Hecho el análisis precedente, se advierte que la empresa de reconstruir el orden social no es sencilla ni fácil, y los patriotas debemos aceptar la guía de la Iglesia, cuya experiencia milenaria resulta invalorable, sin olvidar que es depositaria de la Verdad. Pues bien, la doctrina de la Iglesia en materia de regímenes políticos, nos enseña que, en el terreno de las ideas, los católicos pueden preferir uno u otro, incluso llegar a precisar cuál es el mejor, en abstracto, puesto que la Iglesia no se opone a ninguna forma de gobierno legítimo. Pero, en cada sociedad, las circunstancias históricas van creando una forma política específica, que rige la selección y reemplazo de los gobernantes. Y, como toda autoridad proviene de Dios, cuando se consolida de hecho un régimen político determinado, “su aceptación no solamente es lícita, sino incluso obligatoria, con obligación impuesta por la necesidad del bien común...” [1].

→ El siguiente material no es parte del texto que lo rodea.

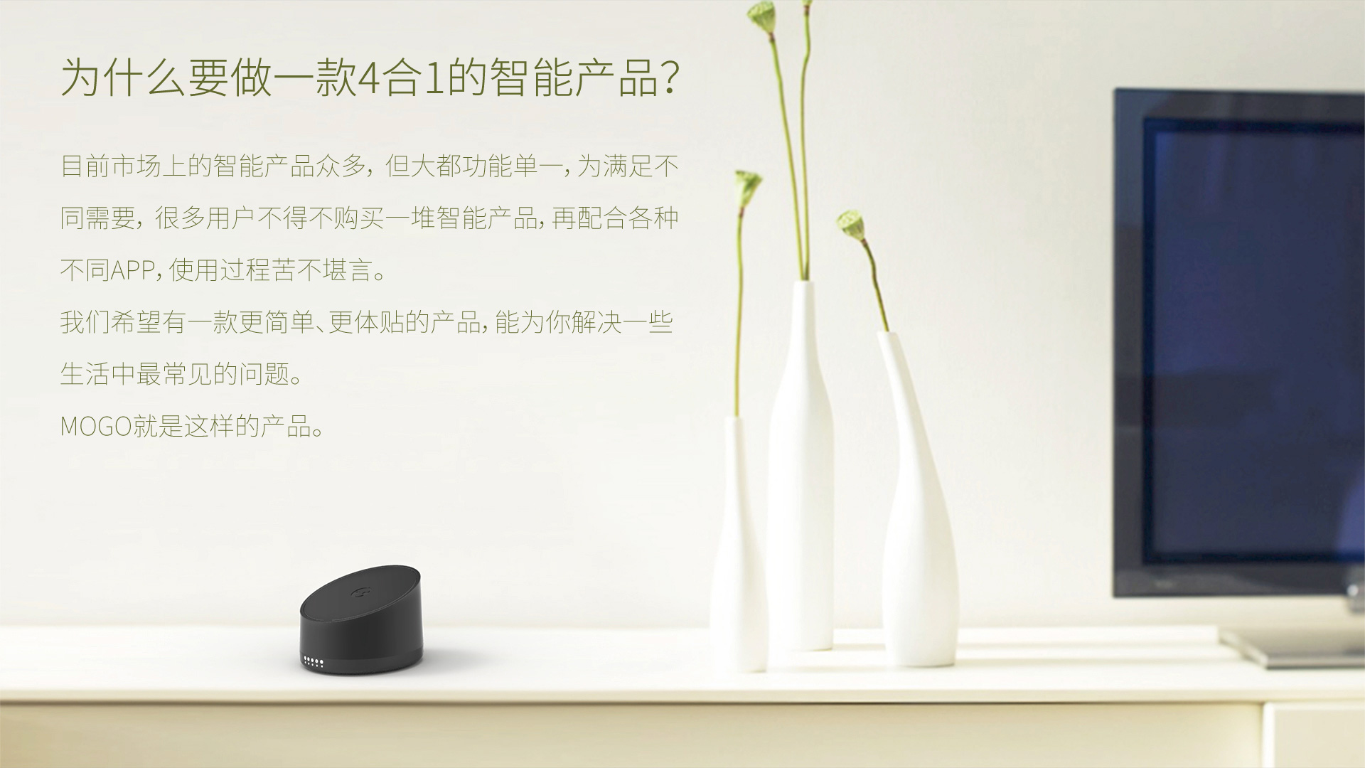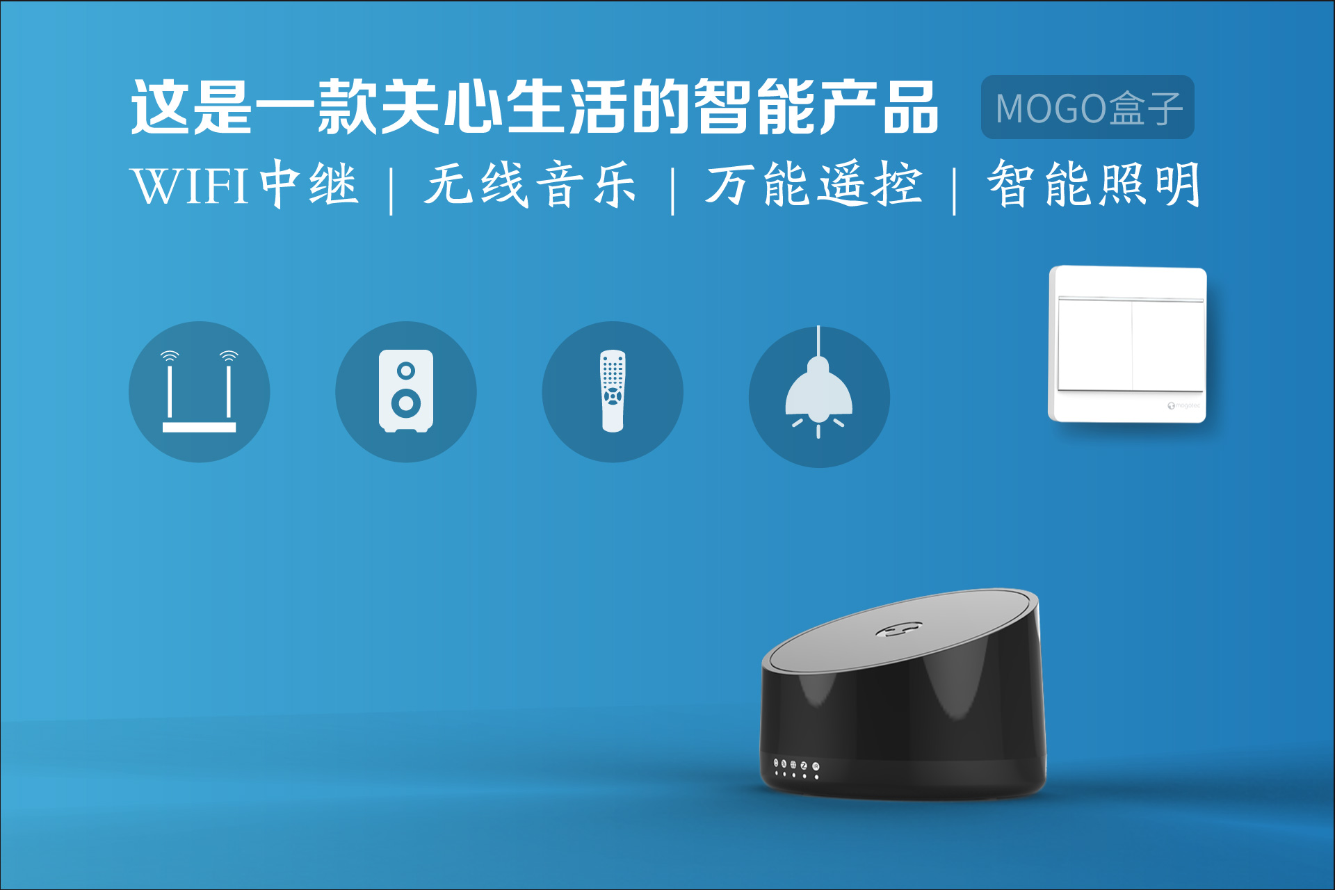 MOGO盒子是一款关心生活的智能产品,它集WIFI中继、无线音乐、超级遥控、照明控制于一身,能为你解决生活中最常见的问题。
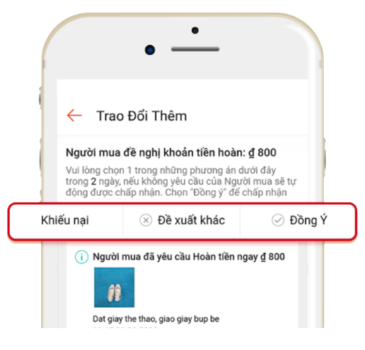 Chọn Khiếu nại nếu bạn không đồng ý với phương án Trả hàng/Hoàn tiền của Người mua
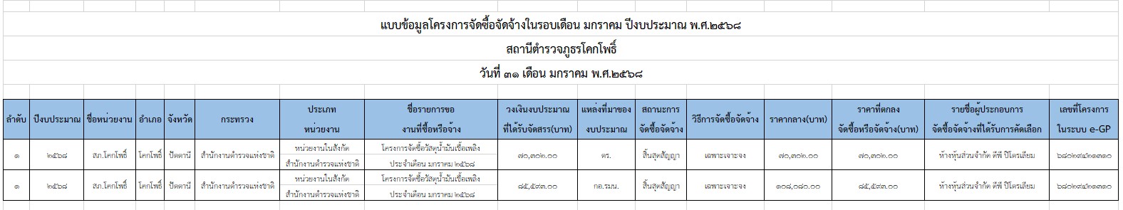 สรุปผลการดำเนินการจัดซื้อจัดจ้างในรอบ เดือน มกราคม 2568
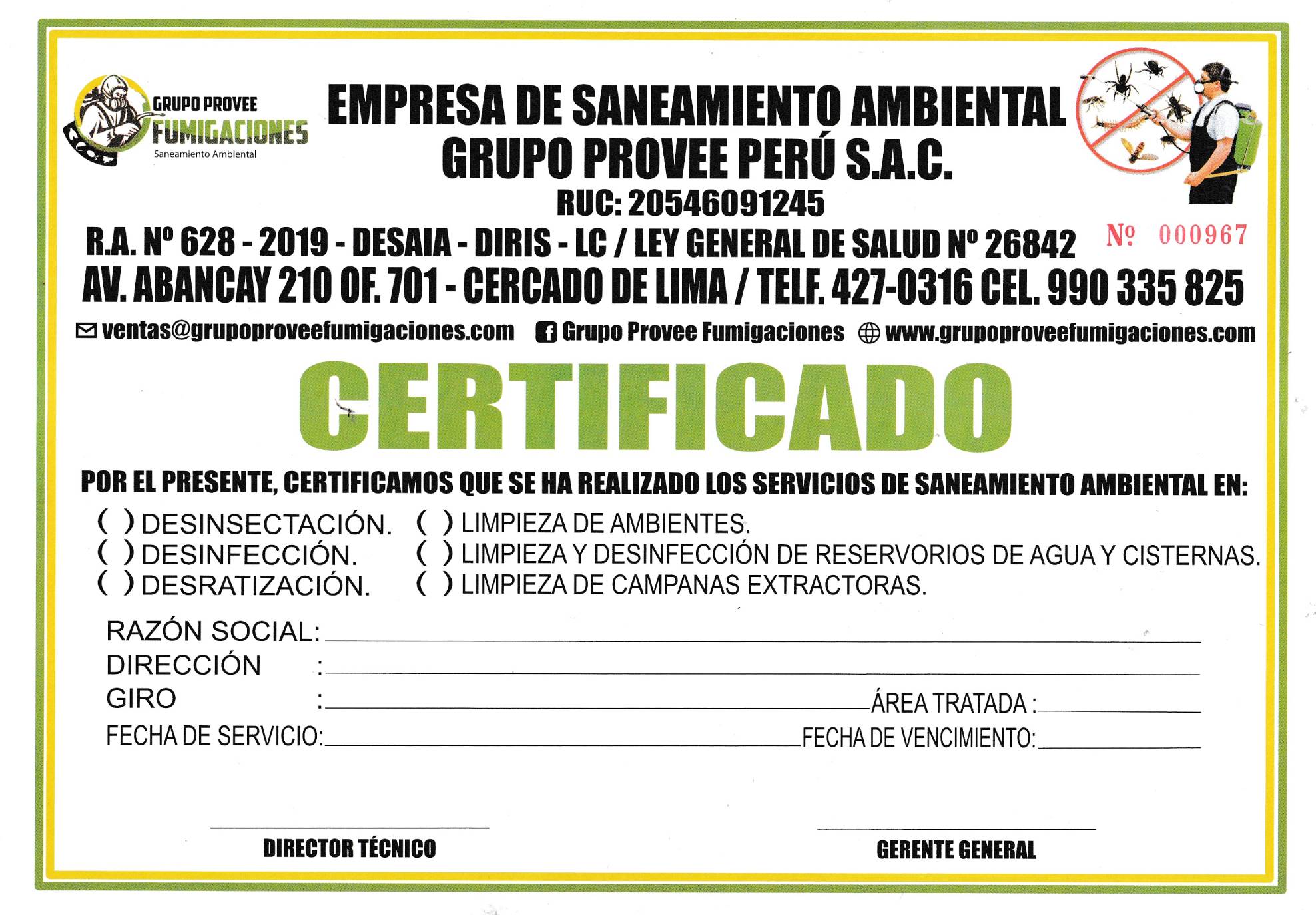 Todos nuestros Servicios de Saneamiento Ambiental (fumigación) incluyen CERTIFICADO, documento que es exigido por las autoridades como las Municipalidades, Defensa Civil, Sunafil, Ministerio de Salud, etc.
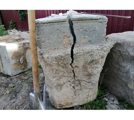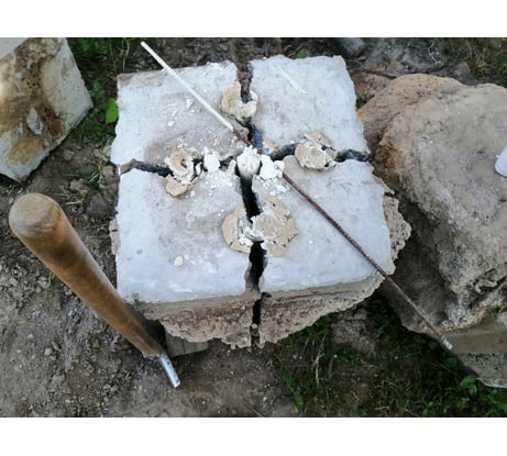 Свою задачу смесь выполнила. Опоры фундамента разрушить удалось. (фото). Разводил смесь точно в соответствие с описанием, но каждый раз оказывалось, что получавшееся залить нельзя, приходилось добавлять воды, чтобы обеспечить хоть какую-то текучесть, при которой смесь можно залить в шпуры. Шпуры делал по минимуму, 32 мм, в соответствие с руководством по применению: "3.5. Шпуры рекомендуется бурить диаметром 32…40 мм (при использовании шпуров диаметром более 40мм возрастает вероятность самопроизвольного выброса материала из шпура)." Иначе расход смеси возрастает очень резко. Обязательно требуется соблюдать технику безопасности, чуть пошевелил кусок треснувшего бетона, он отваливается. Надо издалека ткнуть лопатой, ломом., чтобы управляемо развалить конструкцию, и не допустить самопроизвольного обрушения бетона, например, на ногу. Пока идет процесс разрушения бетона, надо оградить зону работ. Особенно, если есть вероятность, что дети могут подойти к месту работ.
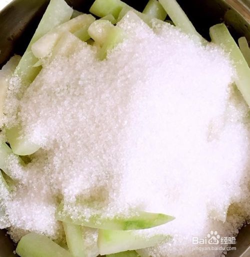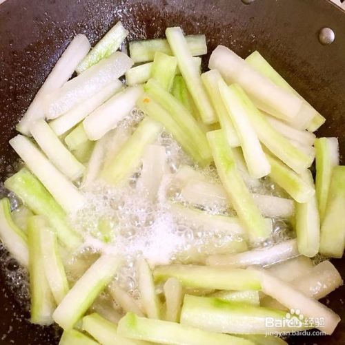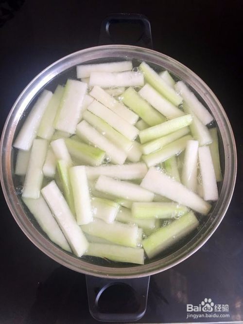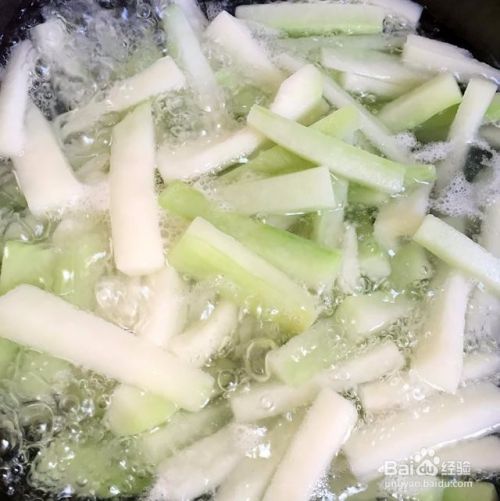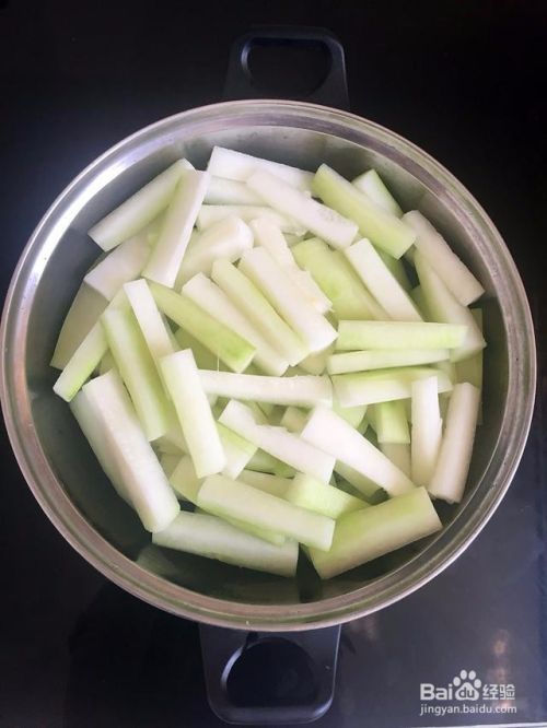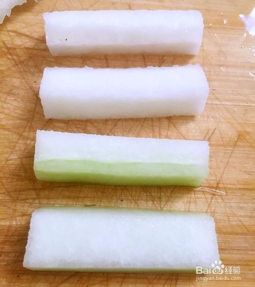 冬瓜去皮去瓤,切小段,长5厘米这样,宽0.5厘米,厚0.5厘米。
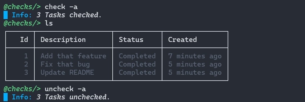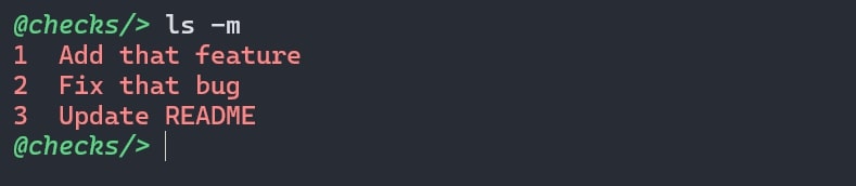Apart from -m flag, ls has two more commands. -c or --completed (which lists only completed tasks) and -p or --pending (which lists only pending tasks).

En nuestro país, existe desde hace 206 años la forma republicana de gobierno, que no podemos desconocer, como tampoco negar la vigencia de la Constitución que le dio fuerza legal, sin desviarnos de la doctrina que acabamos de citar. A partir de estas realidades es que debemos desplegar nuestro esfuerzo por mejorar el funcionamiento de la sociedad en que la Providencia nos ha colocado.


Por otra parte, la actuación de los partidos no es necesariamente mala. En efecto, en todos los tiempos, los hombres se han agrupado en torno a líderes, ideas o intereses, para tratar de influir en la conducción de la sociedad, incluso cuando regía la monarquía y existía la aristocracia. La parte no siempre constituye una facción, ni la discrepancia afecta al bien común, mientras se mantenga dentro de ciertos límites. Por eso la Iglesia reconoce como legítima “la diversidad de pareceres en materia política...La Iglesia no condena en modo alguno las preferencias políticas, con tal que éstas no sean contrarias a la religión y la justicia” [2].


Ahora bien, ya hemos dicho que los grupos sociales intermedios –que, por ser intermediarios entre la familia y el Estado, son infrapolíticos- no pueden asumir la conducción del Estado ni ejercer la actividad específicamente política. Por ello, la conducción global de la sociedad, que compete al Estado, debe estar reservada a un tipo de personas con características especiales.


“El hecho natural de la existencia de un estamento dirigente de la vida política,…se conecta con la doctrina clásica de la vocación, según la cual en los hombres existen aptitudes naturales para los diversos oficios que requiere la comunidad, incluso para el más elevado, esto es, el oficio político, pues, como decía Aristóteles, hay hombres cuya tarea propia parece ser la de gobernar a los demás” [3].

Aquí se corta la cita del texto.